Linear AC voltage measurement using controller without transformer.

Thread Starter

ralph stephenson

Joined Feb 12, 2019
1
Hello everybody,
I'm trying to make a voltage monitor to continuously display the voltage variation in my place. I tried using a transformer but it is not giving a linear output, also I tried the capacitor based circuit but it is efficient for continuous working. What should I do how can I measure AC voltage linearly using arduino? I want to convert 230V AC to 5V DC so that take bit values using arduino.
 

ericgibbs

Joined Jan 29, 2010
8,877
hi ralph,
Welcome to AAC.
Use a mains isolation step down transformer , say 5Vac output, full-wave rectify that to give approx 7Vdc and use a resistive divider.
Do you have an existing circuit that you could post.?
E
 

DickCappels

Joined Aug 21, 2008
5,944
If you use a Control Transformer the nonlinearity should be very small.

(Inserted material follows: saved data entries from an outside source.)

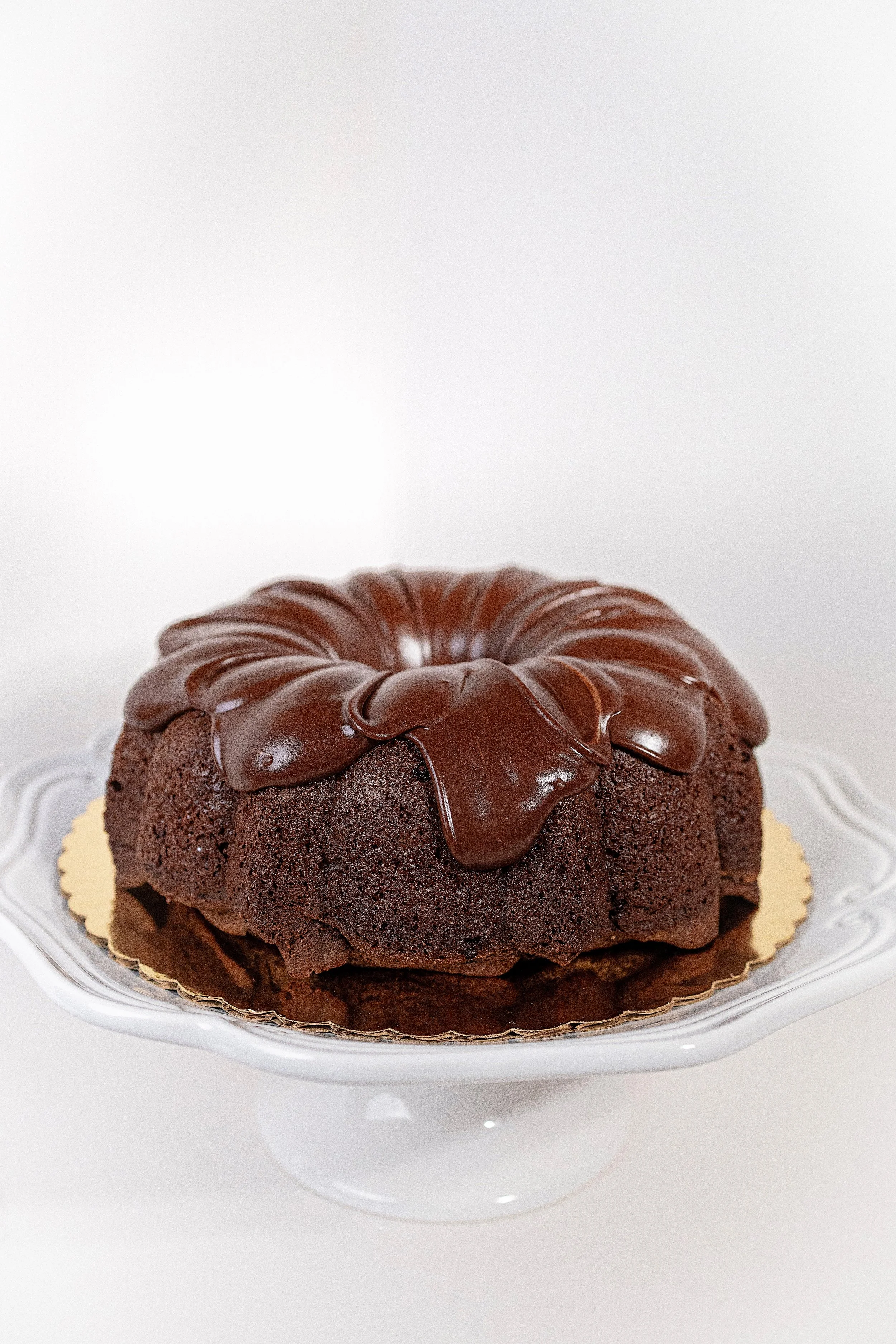 An irresistibly rich chocolate cake with hints of chocolate chips, drenched in a luscious, velvety chocolate icing drizzled with smooth chocolate icing
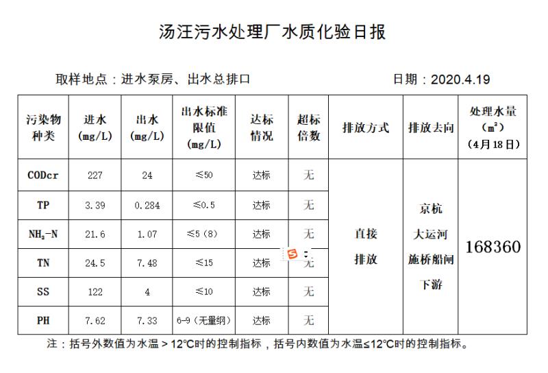 汤汪污水处理厂水质化验日报(2020.4.19)
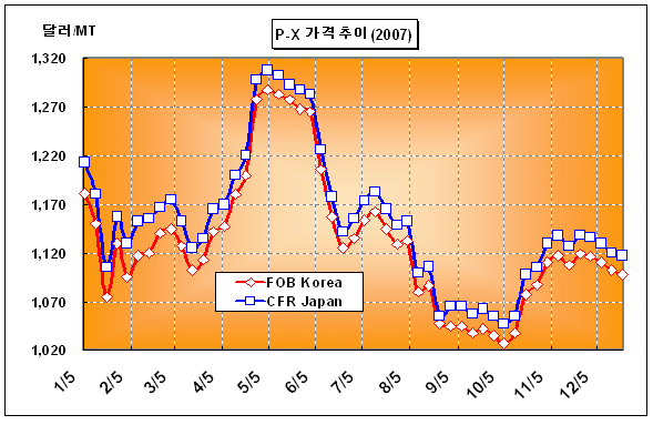 4-5월 강세 제외하고는 약세 지속 … 2008년 1000달러 붕괴 가능성 P-X(Para-Xylene) 가격은 2007년 전반적으로 약세를 나타냈다.아시아 P-X 시장은 중국의 Polyester 생산 확대에 따라 2005-06년 비정상적으로 호조를 보였으나 2007년 들어서는 공급과잉 징후가 뚜렷해 수익성 악화가 우려되고 있다. 2007년에는 FOB Korea 톤당 1200달러 수준에서 불발해 한때 1300달러에 육박했으나 곧바로 하락해 9-10월에는 1000달러 수준으로 떨어졌고 1100달러 수준에서 마감했다. 중국의 Polyester 가동률이 높지 않음은 물론 다운스트림인 PTA(Purified Terephthalic Acid) 가격이 800달러 후반의 약세를 지속했기 때문이다.
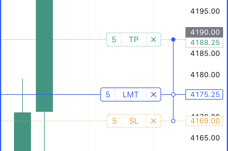 チャート上で注文を変更するには、注文をタップして選択した後に、それをドラッグしてください:
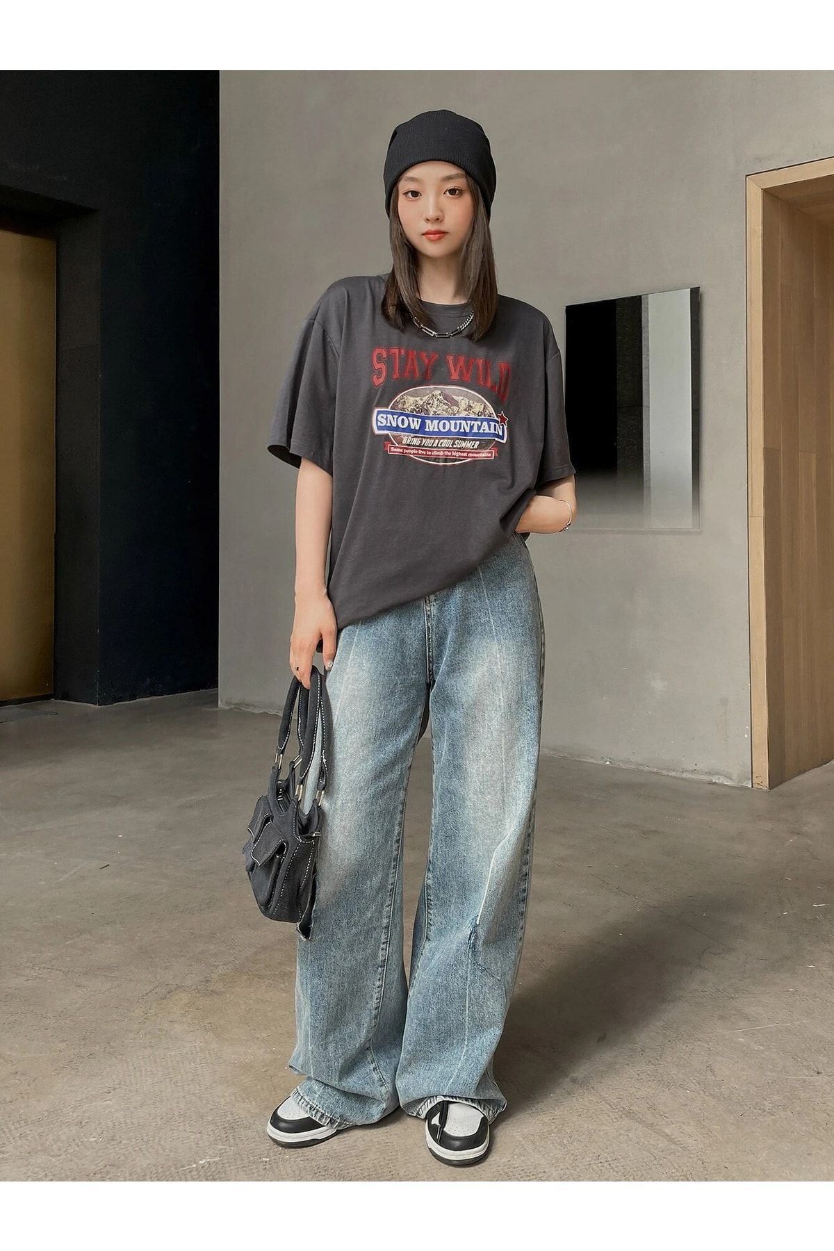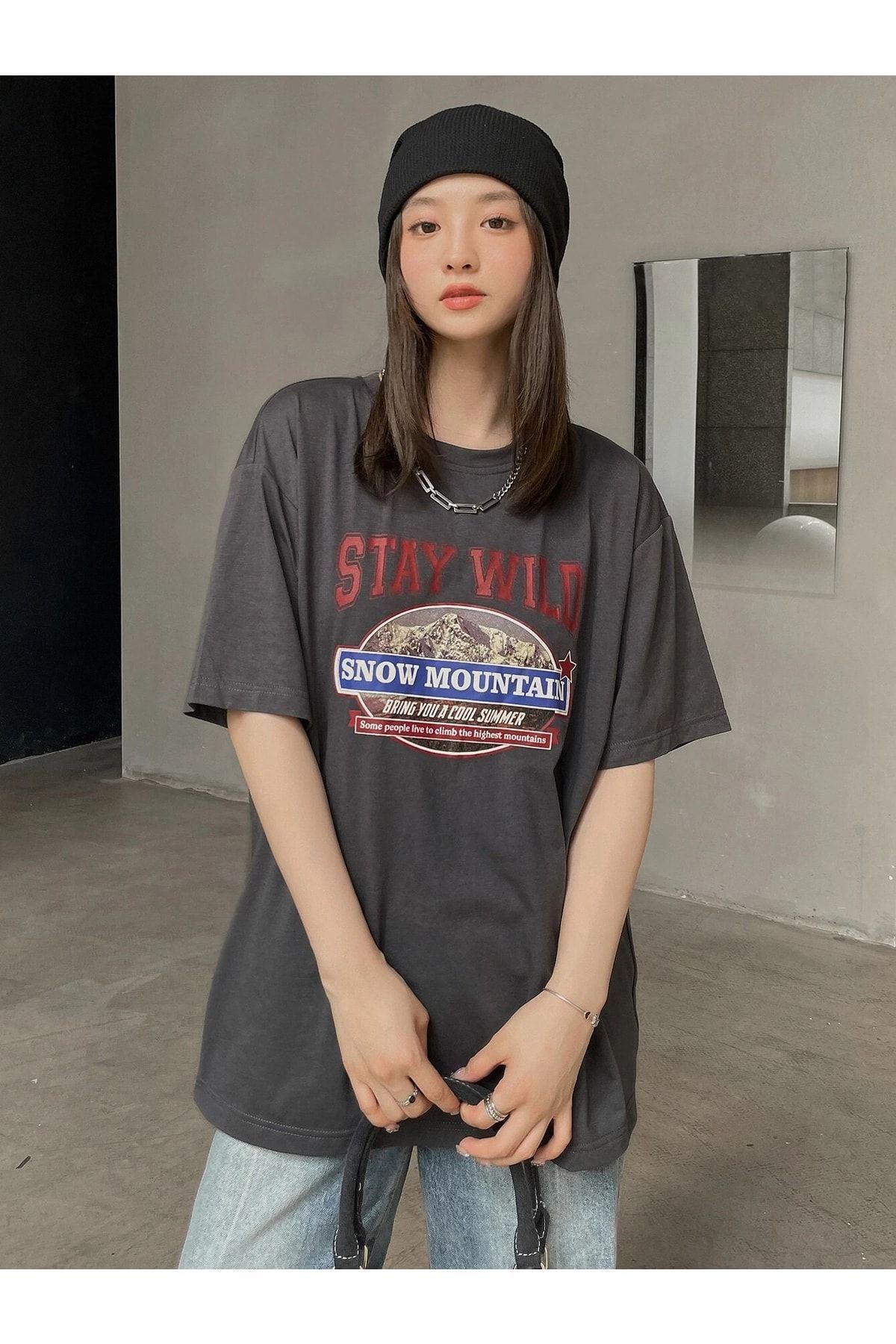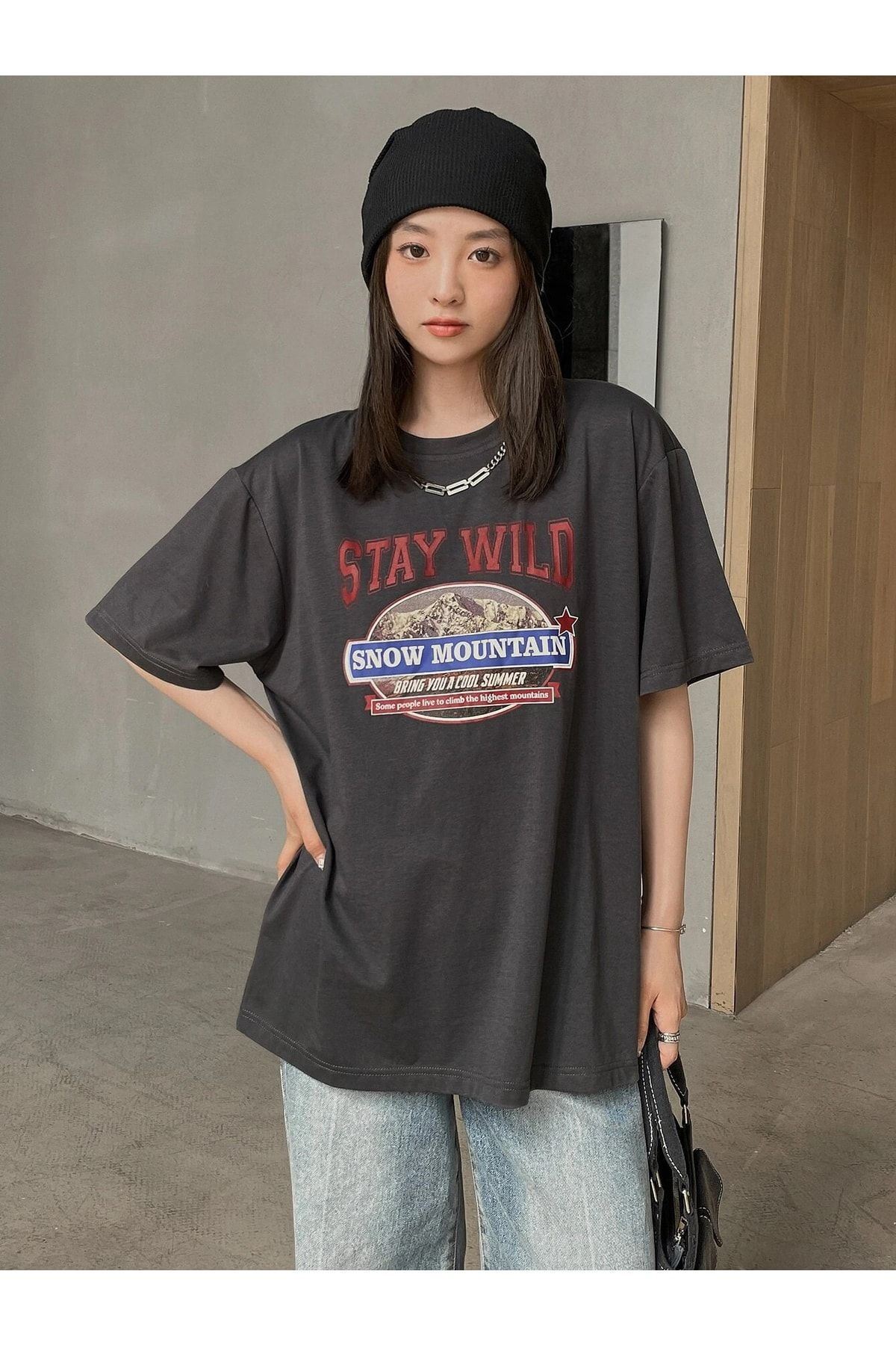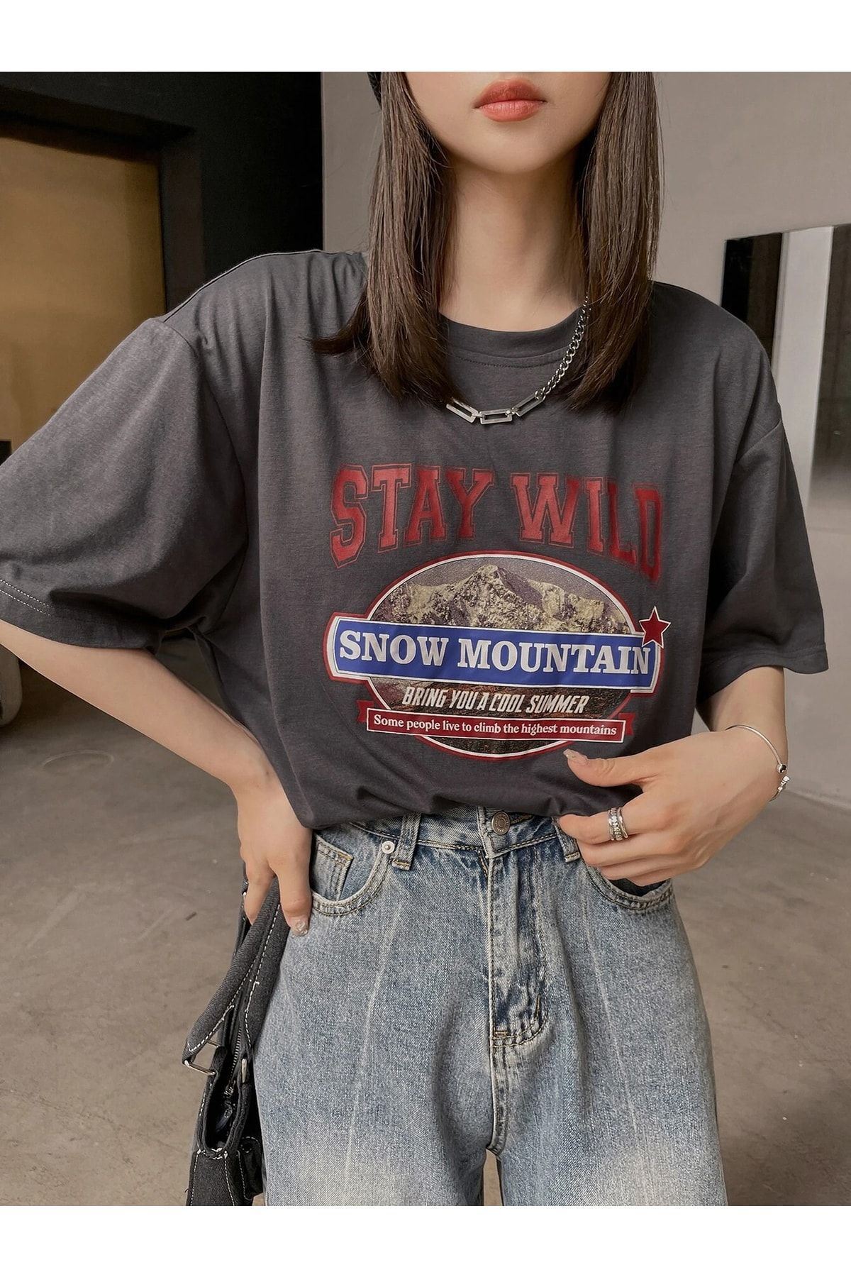 Füme Oversize Stay Wild T-shirt - Oversize Baskılı

The nonlinearity is probably high magnetizing current (too little copper and too little core) causing voltage drops across the resistance of the primary winding (too little copper). Control transformers are designed to minimize this effect.

From the web:
A control transformer is an isolation transformer that provides good voltage regulation, and is also designed to provide a high degree of secondary voltage stability (regulation) during a brief period of overload condition (also referred to as “inrush current”). Control transformers are also known as Machine Tool Transformers, Industrial Control Transformers or Control Power Transformers.
 

Reloadron

Joined Jan 15, 2015
4,590
Hello everybody,
I'm trying to make a voltage monitor to continuously display the voltage variation in my place. I tried using a transformer but it is not giving a linear output, also I tried the capacitor based circuit but it is efficient for continuous working. What should I do how can I measure AC voltage linearly using arduino? I want to convert 230V AC to 5V DC so that take bit values using arduino.
Without a transformer things can get a little expensive. There are AC Voltage Transducers where a transducer takes a signal you have like AC mains Voltage and converts it into a signal you want like 0 to 5 VDC. They work great and can be extremely accurate. Unfortunately they come with a cost. If your AC mains is a nice clean sine wave then a simple Average responding transducer is fine but if you want a True RMS response they get expensive. Just as an example, The CR4800 Series, Average RMS Voltage Transducers and Transmitters are designed to provide a DC output proportional to the AC voltage input. It can be had with a 0-250 VAC input range and a 0 to 5 VDC output making scaling, for example on an Arduino, an easy task. The downside is they cost about $100 USD. A Google of "AC Voltage Transducers" will bring up plenty of similar AC Voltage Transducers. When you start getting into True RMS the cost really goes up. They are accurate and reliable but not practical for someone who just wants to measure their home AC mains voltage but they are out there.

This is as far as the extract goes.